Strain measurement is of great significance in structural health monitoring, mechanical property analysis, and so on, and is taken commonly by means of all kinds of strain sensors, such as resistance strain gauges and fiber optic strain gauges. Of those, fiber Bragg grating (FBG) sensors are frequently utilized because of many advantages, including high accuracy, fast response, electrical passivity, corrosion resistance, low-cost production, and wide use in aerospace [1], transportation [2], engineering and construction [3], and marine applications [4]. The measurement accuracy of the strain sensors will be restricted by high-temperature environments, packaging types, and working layouts. So, it is very essential to precisely evaluate the metrological characteristics of these sensors using a novel calibration method and a standard device. At present, the commonly-used strain calibration devices are the four-point bending device [5,6], universal testing machine [7], and equal strength beam. However, the first two devices have some disadvantages of complex operation, large scale, and difficult metrological traceability.

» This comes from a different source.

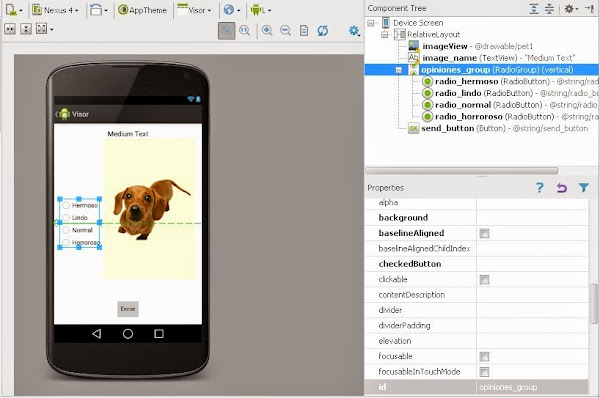 Si observas el Component Tree verás nuestro RadioGroup como padre de 4 radios. En este caso usaremos cuatro distintos de belleza: "Hermoso", "Lindo", "Normal" y "Horroroso". Cada texto podemos implementarlo en el atributo text de los radiobuttons.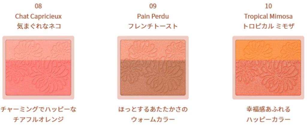 | チークランキング第2位 | 肌に溶け込むようにしっとりとしたパウダーは ムラになりにくく、クリアな発色。繊細なパールのツヤが上品にきらめくよ。 | 詳細を見る | |

As a high-precision elastic sensitive component, equal strength beams have many advantages, such as good mechanical properties, high accuracy, and simple operation, and are often used in the study and calibration of vibration sensors [8], displacement sensors [9,10] and strain sensors [11,12,13,14]. In particular, the metrological calibration of FBG strain sensors with the strain and temperature coupling effects [15], can be possibly carried out using equal strength beams. Nowadays, the calibration model based on an approximate method is employed while strain sensors are measured by means of equal strength beams. It is very difficult to precisely evaluate the metrological performance of strain sensors and to establish a strain metrology system.

Currently, the widely used strain calibration methods mainly include the load method and the deflection method using equal strength beams in engineering. The former is supposed to calculate the strain on the surface of an equal strength beam based on the elastic modulus, end load, and structural size of the beam [16,17,18]. Zhu et al. [19] hanged weights at the end of the equal strength beam, calculated the surface strain of the beam according to the ending loads, and then calibrated the distributed fiber optic strain sensor affixed to the surface of the beam. Huang et al. [20] also used the load method to investigate the performance of the resistance strain gauge, FBG strain sensor, and wireless strain sensor by calculating the surface strain of the equal strength beam. However, there exist some problems, such as incorrect control of the mass and the continuity of the applied load, and the imprecise characteristic parameters of the beam, such as elastic modulus in the calculation process. Therefore, it is difficult to implement the high-precision metrological traceability of the strain sensor. To solve this problem, some researchers used the deflection method to calibrate strain sensors. The deflection method is used to calculate the surface strain of an equal strength beam based on the deflection of the beam [21,22,23]. Tu et al. [24] used the method to calculate the surface strain of an equal strength beam, finding that there was a good linear relationship between the strain value and the load. Hou et al. [25] calibrated the FBG strain sensor and evaluated the uncertainty of the calibration results using the method. The relation of the deflection and strain of the equal strength beam was established successfully, and the high precision metrological traceability of FBG sensors was realized.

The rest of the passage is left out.